→ **WORK TO COMPLETE**
One exact copy of the listing is needed. It should contain no pictures.

→ **DATASET SECTION**
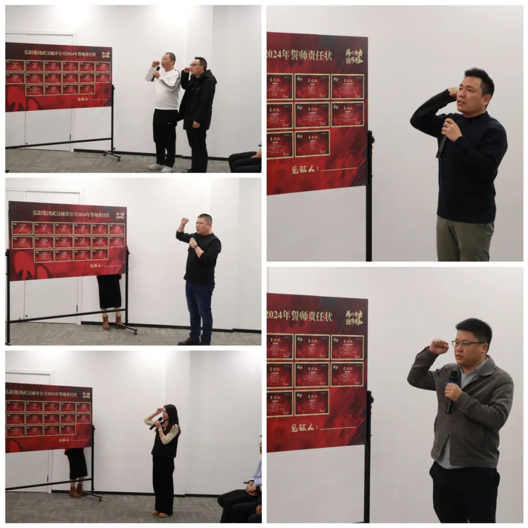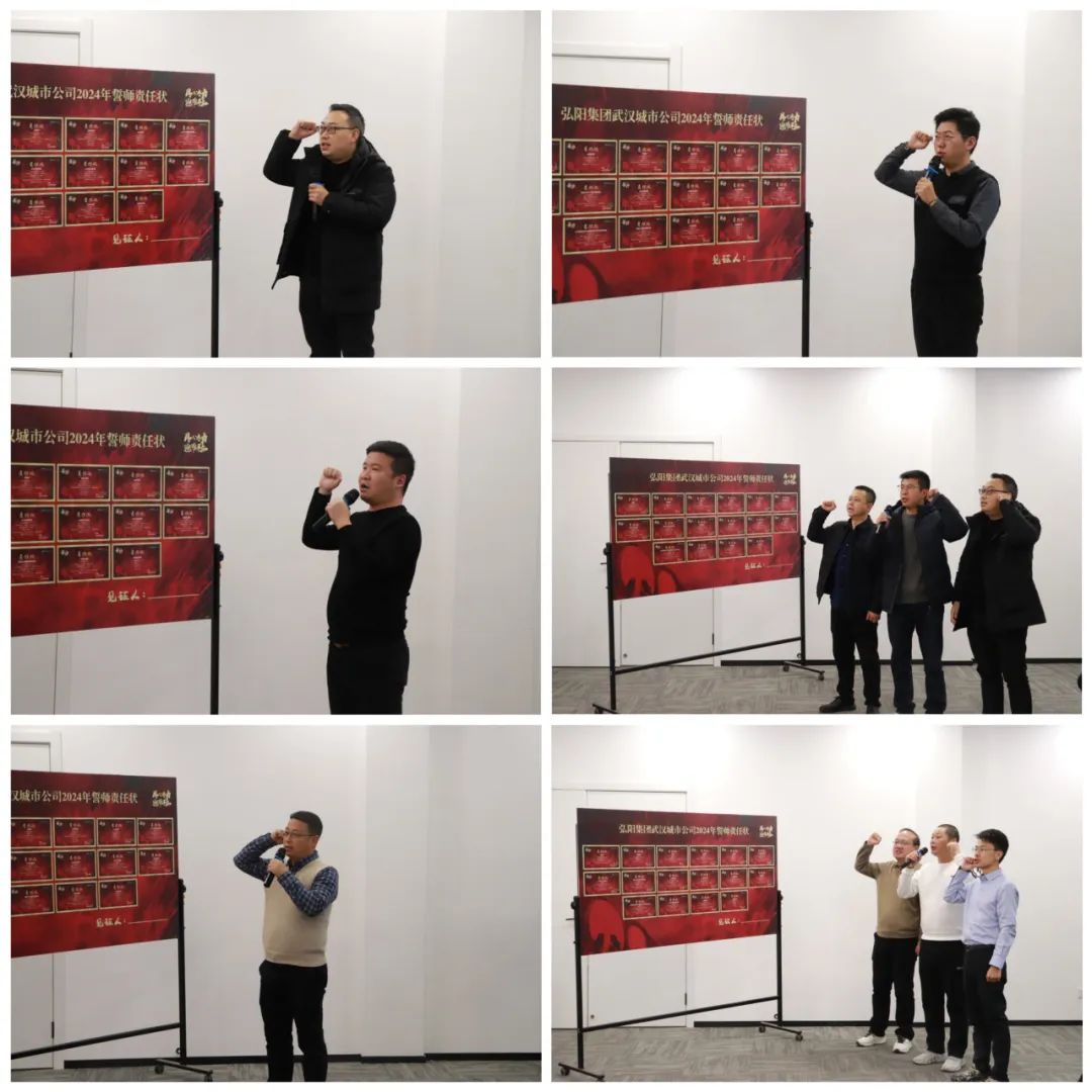 2024年度目标宣誓,管理团队依次上台庄严宣誓并签订责任状,伍总最后带领全体管理人员一同宣读武汉城市公司2024年度责任目标。
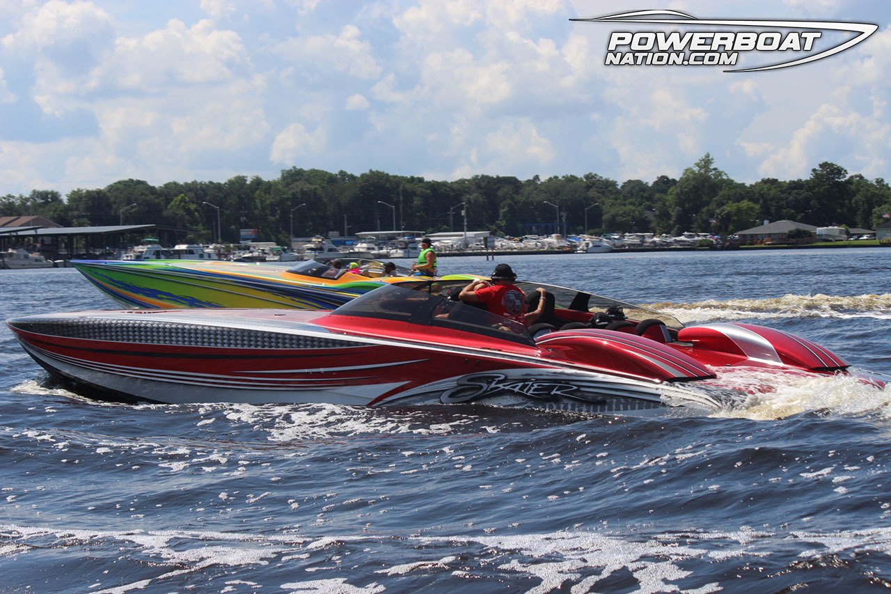 The Team from PowerBoatNation had a great time. Thanks to Chris and Angela Bradley we had a beautiful 426 Skater with Mercury Racing 1350 power to enjoy the run. Friday’s raft up was a blast and brought a great group together. We were able to run upfront at the start of the run and followed right behind Bill Pyburn Jr’s. 388 Skater with Goodwin Competition Power right up to the first card stop.
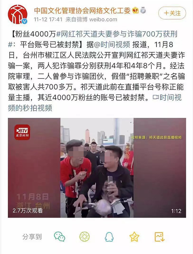 时间回到2018年7月,在快手坐拥4000万粉丝的“户外一哥”祁天道在直播时突然被警察带走。随后有消息曝出,在2014-2017年间,祁天道和他老婆王靖在直播平台假借招聘兼职人员之名,以收取会员费、服装费、培训费为由骗人钱财共计700万余元。

→ **FINISHED EXERCISE**
 2024年度目标宣誓,管理团队依次上台庄严宣誓并签订责任状,伍总最后带领全体管理人员一同宣读武汉城市公司2024年度责任目标。
 The Team from PowerBoatNation had a great time. Thanks to Chris and Angela Bradley we had a beautiful 426 Skater with Mercury Racing 1350 power to enjoy the run. Friday’s raft up was a blast and brought a great group together. We were able to run upfront at the start of the run and followed right behind Bill Pyburn Jr’s. 388 Skater with Goodwin Competition Power right up to the first card stop.
 时间回到2018年7月,在快手坐拥4000万粉丝的“户外一哥”祁天道在直播时突然被警察带走。随后有消息曝出,在2014-2017年间,祁天道和他老婆王靖在直播平台假借招聘兼职人员之名,以收取会员费、服装费、培训费为由骗人钱财共计700万余元。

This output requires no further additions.